▸ WORK REQUEST
Write the listing below out again in full, dropping its pictures.

++++ DATASET EXTRACT ++++

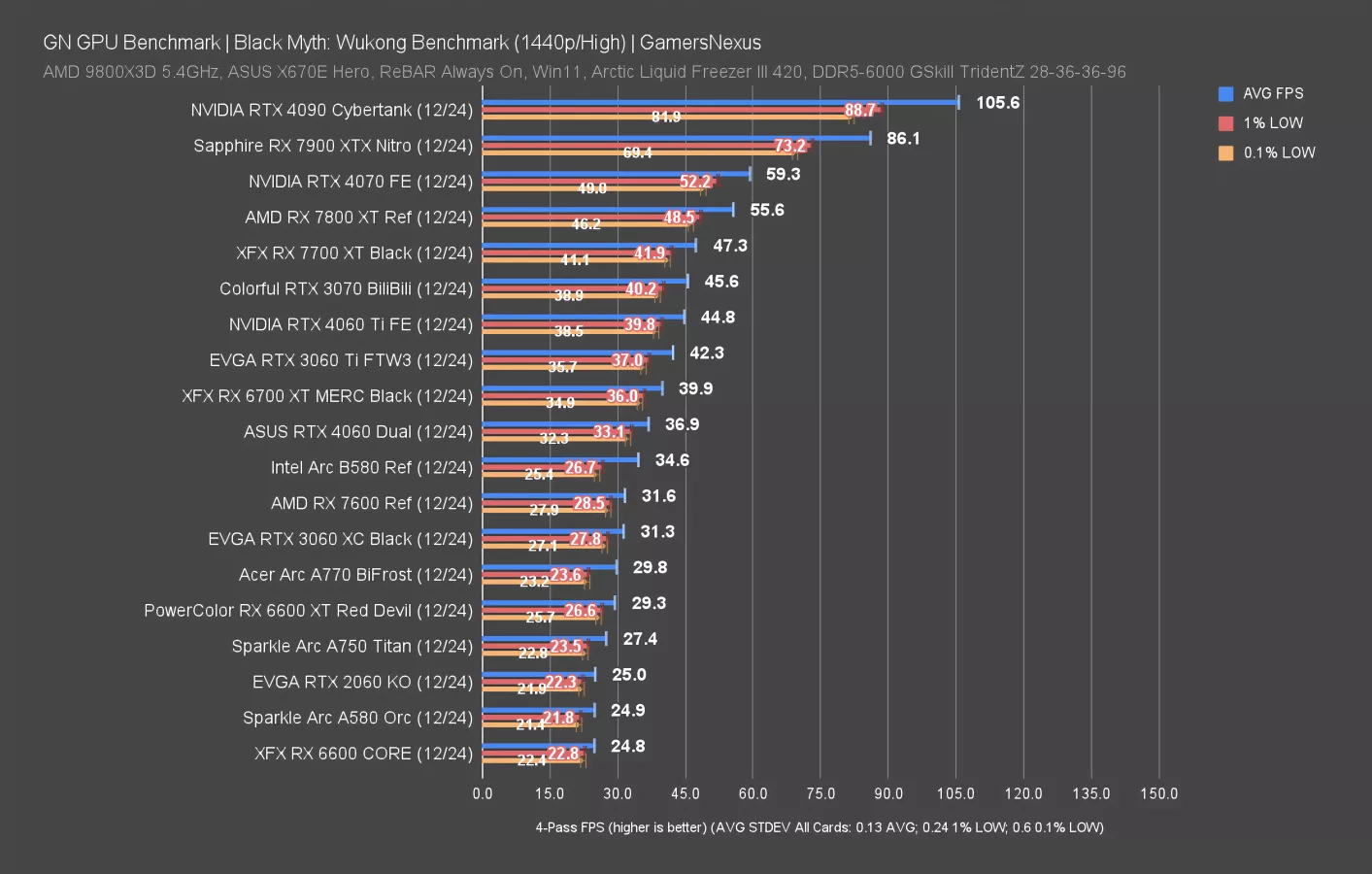 At 1080p and with FSR set to quality, using high raster settings and medium RT settings, the B580 ran at 34 FPS AVG, with lows where they should be. Intel’s last-minute driver change did nothing to our results -- they were nearly identical, so we’re just showing one set here. The B580 ranks alongside the RX 7800 XT (watch our review), as AMD has serious difficulties with this game. Wukong is similar in performance to Cyberpunk in its performance characteristics on AMD, where even a 4060 outperforms a 7900 XTX.
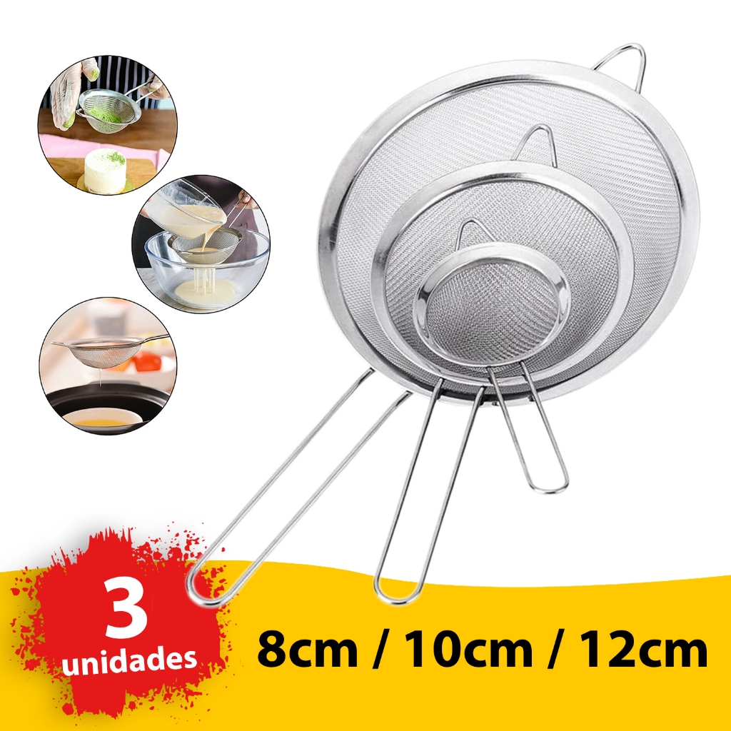 Kit 3 Peneiras Coador 8/10/12cm Aço Inox Luxo Utensílios De Cozinha Conjunto Jogo Premium Gourmet
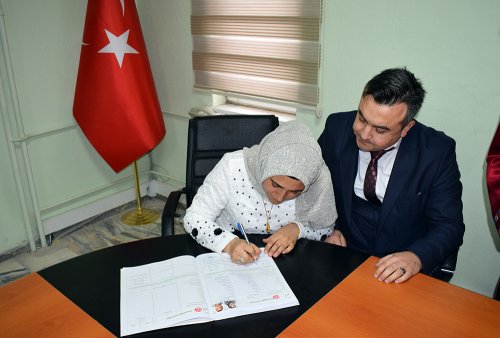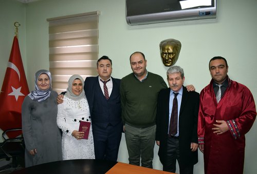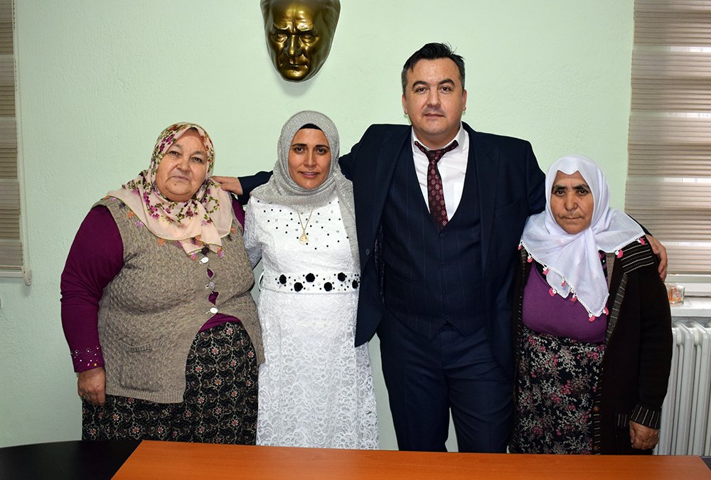 Genç çiftin nikahını Evlendirme Memurumuz Faruk MEMİŞ kıyarken şahitliklerini ise İlçe Nüfus Müdürü Cemalettin SİVRİ, Devlet Hastanesi Başhekimi İlker Ahmet ÇINAR ve Sevgi ARIK yaptı. Evlilik Cüzdanını gelin hanıma veren Memiş , yeni evli çifte ömür boyu mutluluk temennisinde bulundu.

++++

▸ EXERCISE RESULT
 At 1080p and with FSR set to quality, using high raster settings and medium RT settings, the B580 ran at 34 FPS AVG, with lows where they should be. Intel’s last-minute driver change did nothing to our results -- they were nearly identical, so we’re just showing one set here. The B580 ranks alongside the RX 7800 XT (watch our review), as AMD has serious difficulties with this game. Wukong is similar in performance to Cyberpunk in its performance characteristics on AMD, where even a 4060 outperforms a 7900 XTX.
 Kit 3 Peneiras Coador 8/10/12cm Aço Inox Luxo Utensílios De Cozinha Conjunto Jogo Premium Gourmet
 Genç çiftin nikahını Evlendirme Memurumuz Faruk MEMİŞ kıyarken şahitliklerini ise İlçe Nüfus Müdürü Cemalettin SİVRİ, Devlet Hastanesi Başhekimi İlker Ahmet ÇINAR ve Sevgi ARIK yaptı. Evlilik Cüzdanını gelin hanıma veren Memiş , yeni evli çifte ömür boyu mutluluk temennisinde bulundu.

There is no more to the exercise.